▼▼▼
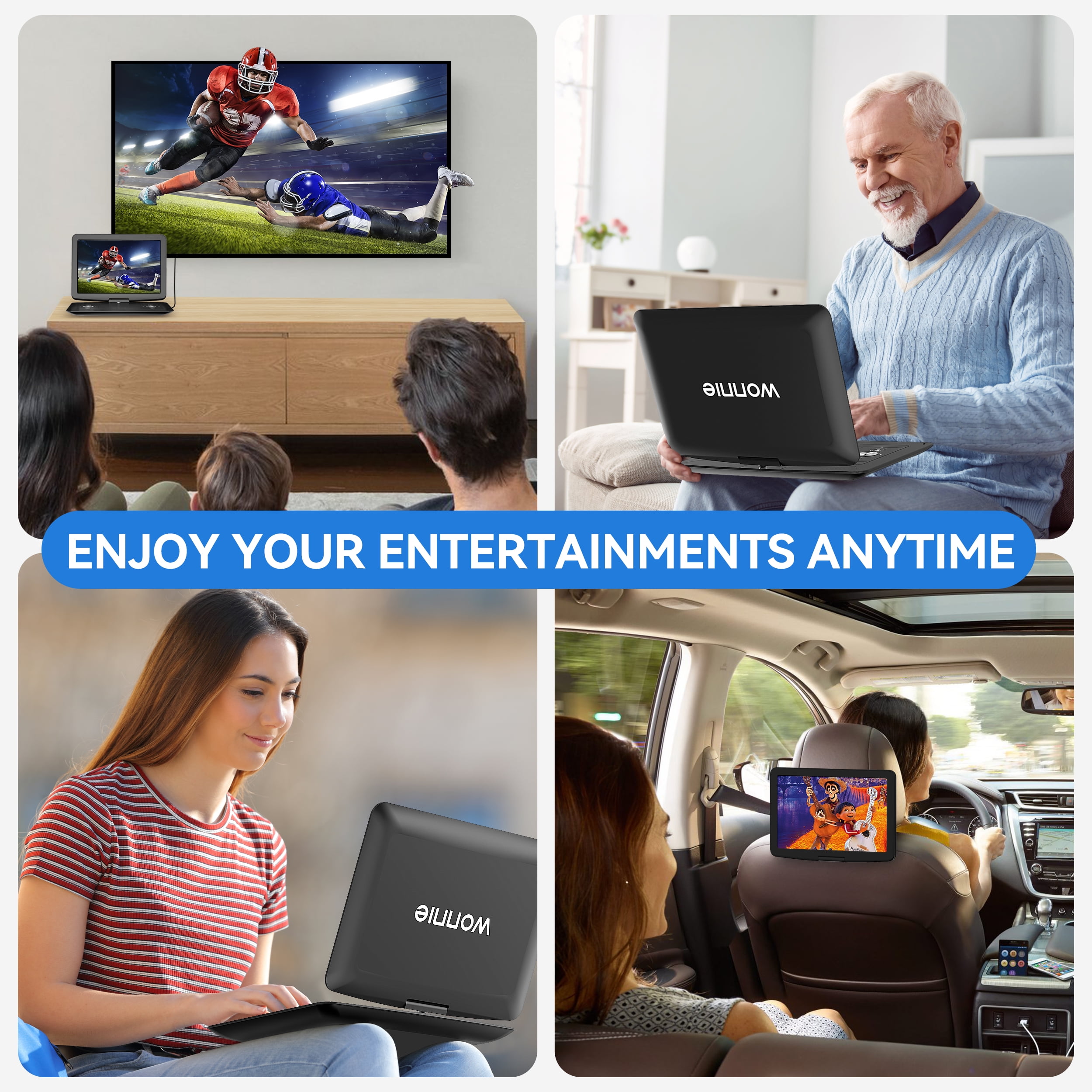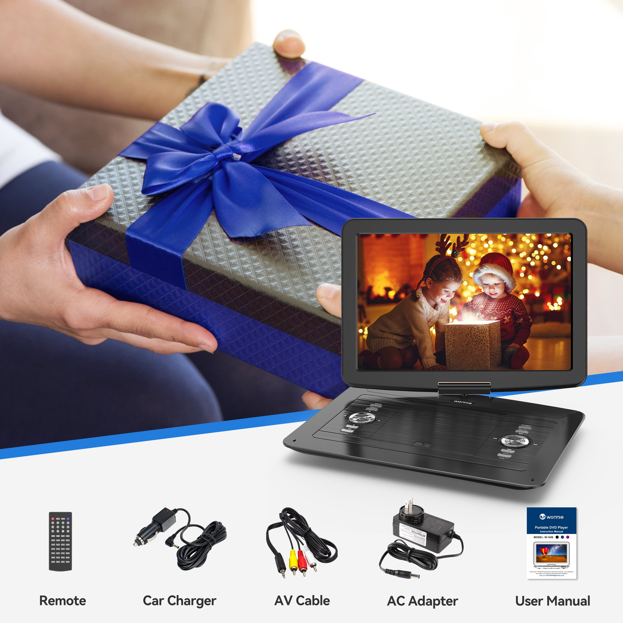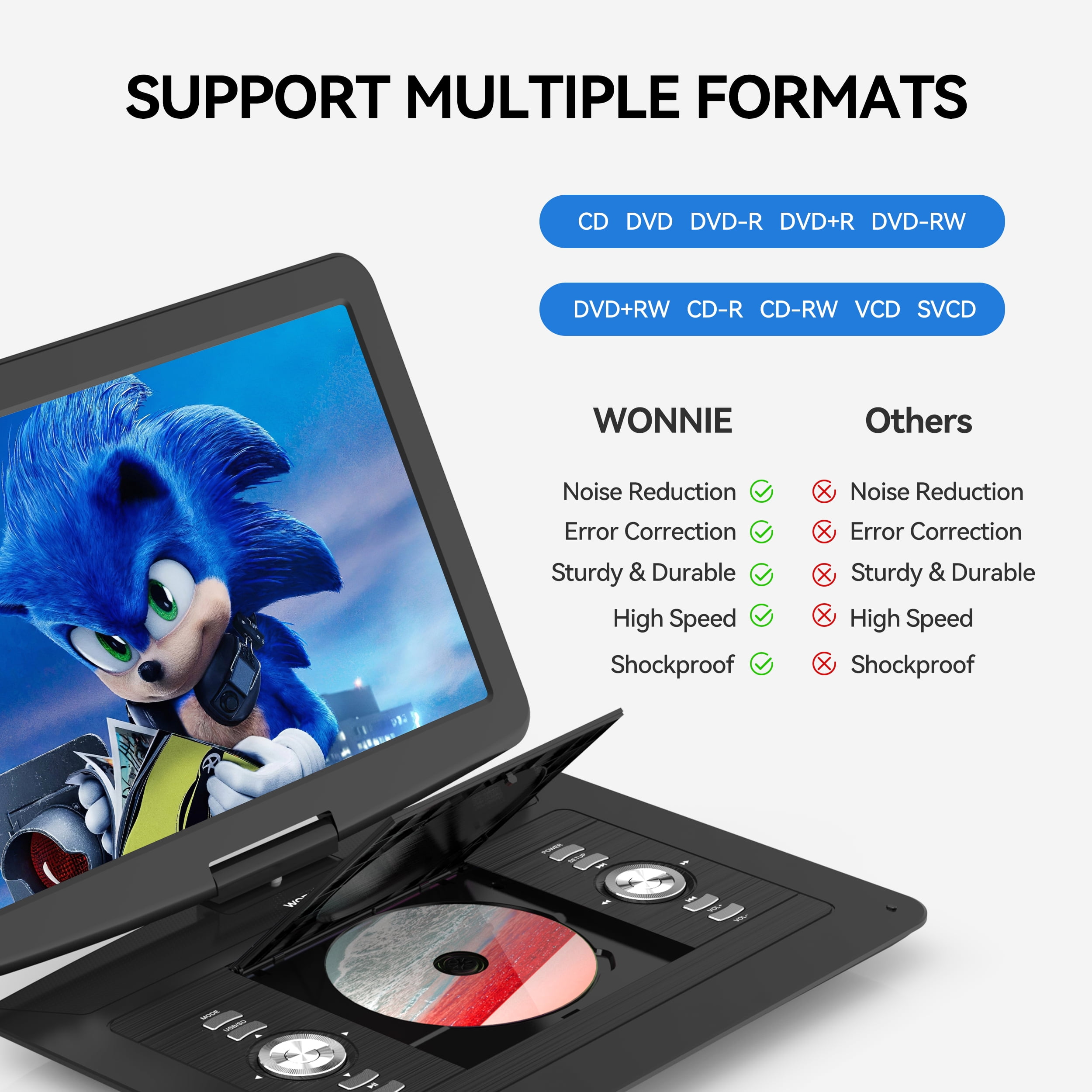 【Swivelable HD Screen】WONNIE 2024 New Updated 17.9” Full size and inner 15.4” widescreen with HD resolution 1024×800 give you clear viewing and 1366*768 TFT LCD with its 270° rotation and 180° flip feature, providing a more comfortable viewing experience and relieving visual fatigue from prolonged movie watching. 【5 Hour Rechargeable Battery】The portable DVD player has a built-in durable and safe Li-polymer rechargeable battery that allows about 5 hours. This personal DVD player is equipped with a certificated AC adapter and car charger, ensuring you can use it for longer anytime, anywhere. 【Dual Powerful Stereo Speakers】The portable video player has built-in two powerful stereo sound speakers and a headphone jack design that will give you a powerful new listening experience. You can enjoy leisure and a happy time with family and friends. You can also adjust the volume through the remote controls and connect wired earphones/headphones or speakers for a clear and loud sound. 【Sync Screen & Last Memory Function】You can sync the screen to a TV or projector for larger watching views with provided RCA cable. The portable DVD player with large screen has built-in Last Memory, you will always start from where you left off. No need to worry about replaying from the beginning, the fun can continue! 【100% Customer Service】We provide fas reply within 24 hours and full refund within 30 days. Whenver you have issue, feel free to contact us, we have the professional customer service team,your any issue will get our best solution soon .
▲▲▲
▼▼▼
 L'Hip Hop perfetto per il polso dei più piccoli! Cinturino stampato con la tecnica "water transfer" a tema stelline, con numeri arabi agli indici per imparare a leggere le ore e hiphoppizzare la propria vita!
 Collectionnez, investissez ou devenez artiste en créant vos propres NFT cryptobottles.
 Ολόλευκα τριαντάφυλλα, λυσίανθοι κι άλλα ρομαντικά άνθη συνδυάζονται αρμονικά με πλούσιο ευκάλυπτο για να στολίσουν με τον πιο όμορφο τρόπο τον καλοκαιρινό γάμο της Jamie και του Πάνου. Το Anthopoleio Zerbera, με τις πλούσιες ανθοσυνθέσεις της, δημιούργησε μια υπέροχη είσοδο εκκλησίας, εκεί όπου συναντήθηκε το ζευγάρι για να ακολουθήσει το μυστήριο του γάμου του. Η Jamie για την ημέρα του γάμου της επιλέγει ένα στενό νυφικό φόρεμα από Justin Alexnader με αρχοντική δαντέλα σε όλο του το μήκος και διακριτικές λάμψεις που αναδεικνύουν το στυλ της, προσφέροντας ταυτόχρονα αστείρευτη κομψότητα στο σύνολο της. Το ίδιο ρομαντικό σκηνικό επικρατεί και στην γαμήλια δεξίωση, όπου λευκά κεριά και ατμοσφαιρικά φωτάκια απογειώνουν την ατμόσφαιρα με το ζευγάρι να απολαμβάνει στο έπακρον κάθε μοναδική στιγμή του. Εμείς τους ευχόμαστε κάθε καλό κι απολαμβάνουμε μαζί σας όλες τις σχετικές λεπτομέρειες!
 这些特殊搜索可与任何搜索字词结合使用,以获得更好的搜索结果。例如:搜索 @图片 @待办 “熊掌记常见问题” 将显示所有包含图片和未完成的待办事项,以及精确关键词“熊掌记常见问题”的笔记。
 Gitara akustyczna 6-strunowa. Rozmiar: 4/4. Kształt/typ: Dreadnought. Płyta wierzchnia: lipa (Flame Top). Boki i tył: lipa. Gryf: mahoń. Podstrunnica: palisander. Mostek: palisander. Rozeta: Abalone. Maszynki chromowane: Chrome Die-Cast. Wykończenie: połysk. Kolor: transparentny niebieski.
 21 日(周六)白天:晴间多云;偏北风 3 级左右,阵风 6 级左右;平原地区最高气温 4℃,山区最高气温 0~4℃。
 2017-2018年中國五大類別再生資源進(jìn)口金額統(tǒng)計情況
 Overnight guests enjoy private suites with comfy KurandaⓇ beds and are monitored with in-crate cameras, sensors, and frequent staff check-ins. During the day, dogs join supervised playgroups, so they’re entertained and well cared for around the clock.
▲▲▲
▼▼▼
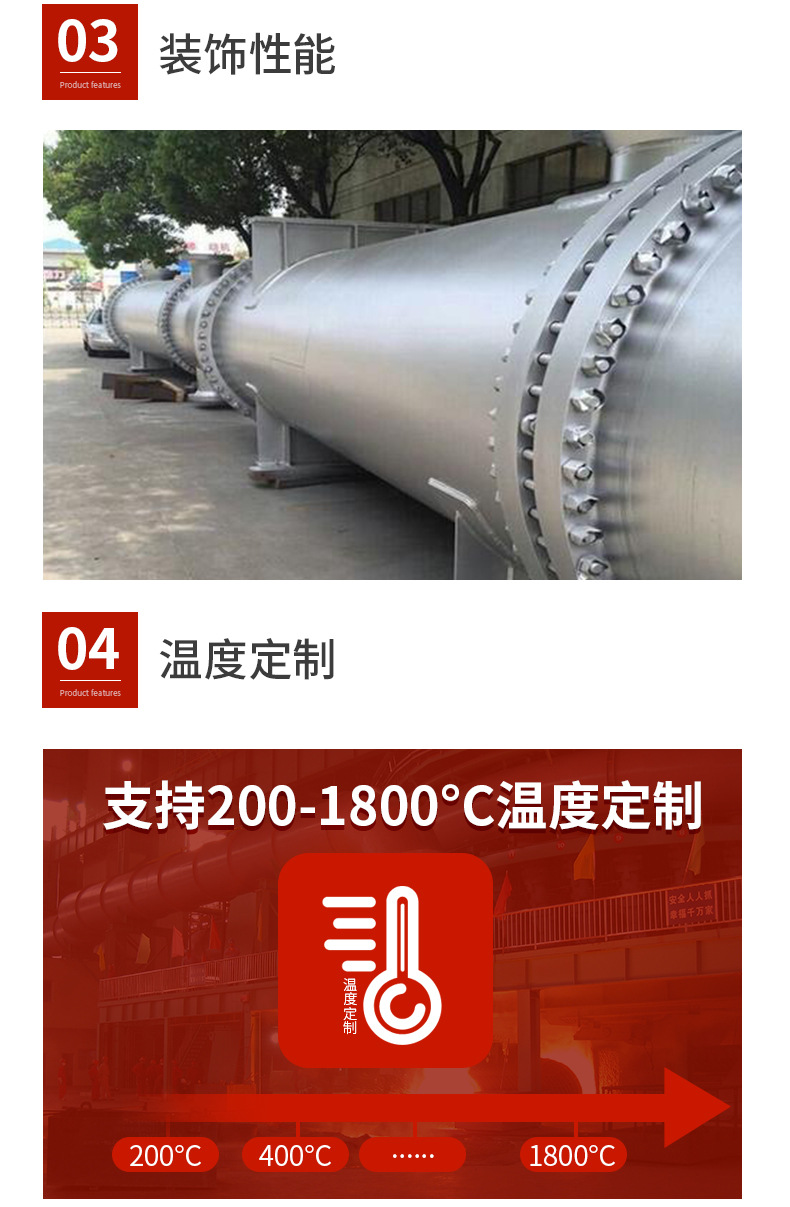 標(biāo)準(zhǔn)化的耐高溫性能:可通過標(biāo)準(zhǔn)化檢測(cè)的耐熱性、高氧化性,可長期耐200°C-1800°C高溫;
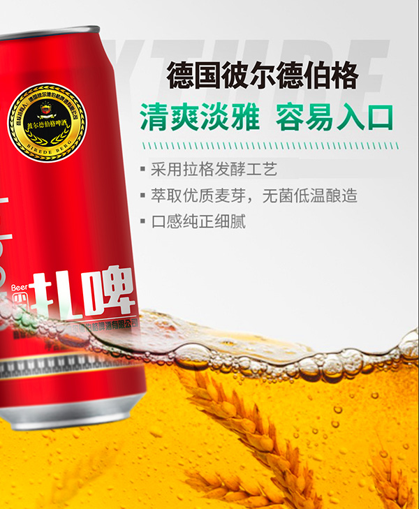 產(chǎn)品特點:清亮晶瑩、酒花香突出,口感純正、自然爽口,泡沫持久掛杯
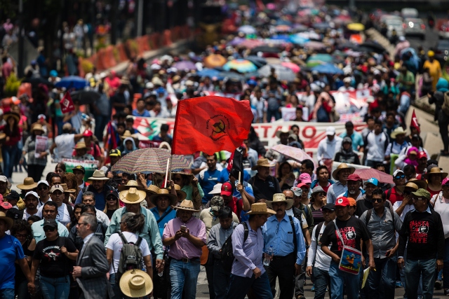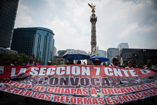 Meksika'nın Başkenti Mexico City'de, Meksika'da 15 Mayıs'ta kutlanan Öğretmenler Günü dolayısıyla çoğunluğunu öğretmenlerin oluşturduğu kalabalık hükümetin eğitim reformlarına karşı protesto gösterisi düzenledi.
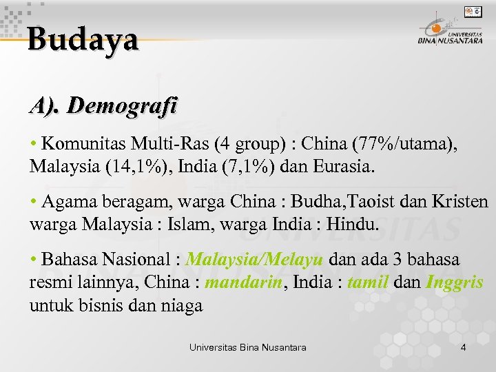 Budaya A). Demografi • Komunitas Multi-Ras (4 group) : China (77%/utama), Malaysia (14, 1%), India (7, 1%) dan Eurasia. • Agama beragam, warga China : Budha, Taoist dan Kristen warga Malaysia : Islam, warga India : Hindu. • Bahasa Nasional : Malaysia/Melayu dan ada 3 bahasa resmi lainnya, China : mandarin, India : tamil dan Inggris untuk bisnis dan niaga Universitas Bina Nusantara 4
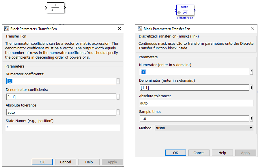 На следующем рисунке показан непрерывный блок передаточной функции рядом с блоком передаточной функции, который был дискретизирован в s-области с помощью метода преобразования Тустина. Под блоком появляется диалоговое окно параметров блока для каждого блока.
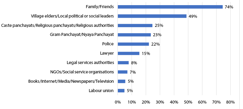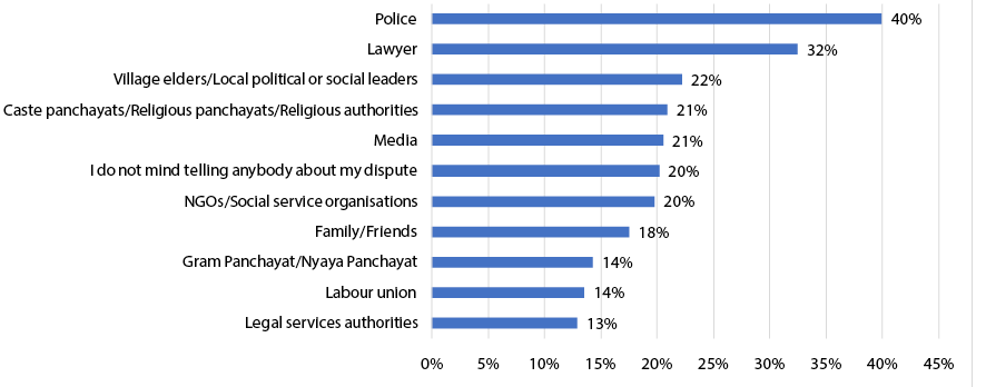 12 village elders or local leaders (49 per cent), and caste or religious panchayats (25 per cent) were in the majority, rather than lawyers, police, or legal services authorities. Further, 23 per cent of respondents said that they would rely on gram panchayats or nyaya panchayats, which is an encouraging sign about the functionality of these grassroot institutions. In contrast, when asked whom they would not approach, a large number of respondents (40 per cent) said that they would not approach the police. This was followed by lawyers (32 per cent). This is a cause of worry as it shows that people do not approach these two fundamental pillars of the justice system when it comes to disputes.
▲▲▲
*TASK DETAILS*: Could the stretch from the line with "Meksika'nın Başkenti Mexico" through the line with "12 village elders" in the listing above be restated word for word, minus the pictures?

*RESPONSE FOR THIS EXERCISE*:
 Meksika'nın Başkenti Mexico City'de, Meksika'da 15 Mayıs'ta kutlanan Öğretmenler Günü dolayısıyla çoğunluğunu öğretmenlerin oluşturduğu kalabalık hükümetin eğitim reformlarına karşı protesto gösterisi düzenledi.
 Budaya A). Demografi • Komunitas Multi-Ras (4 group) : China (77%/utama), Malaysia (14, 1%), India (7, 1%) dan Eurasia. • Agama beragam, warga China : Budha, Taoist dan Kristen warga Malaysia : Islam, warga India : Hindu. • Bahasa Nasional : Malaysia/Melayu dan ada 3 bahasa resmi lainnya, China : mandarin, India : tamil dan Inggris untuk bisnis dan niaga Universitas Bina Nusantara 4
 На следующем рисунке показан непрерывный блок передаточной функции рядом с блоком передаточной функции, который был дискретизирован в s-области с помощью метода преобразования Тустина. Под блоком появляется диалоговое окно параметров блока для каждого блока.
 12 village elders or local leaders (49 per cent), and caste or religious panchayats (25 per cent) were in the majority, rather than lawyers, police, or legal services authorities. Further, 23 per cent of respondents said that they would rely on gram panchayats or nyaya panchayats, which is an encouraging sign about the functionality of these grassroot institutions. In contrast, when asked whom they would not approach, a large number of respondents (40 per cent) said that they would not approach the police. This was followed by lawyers (32 per cent). This is a cause of worry as it shows that people do not approach these two fundamental pillars of the justice system when it comes to disputes.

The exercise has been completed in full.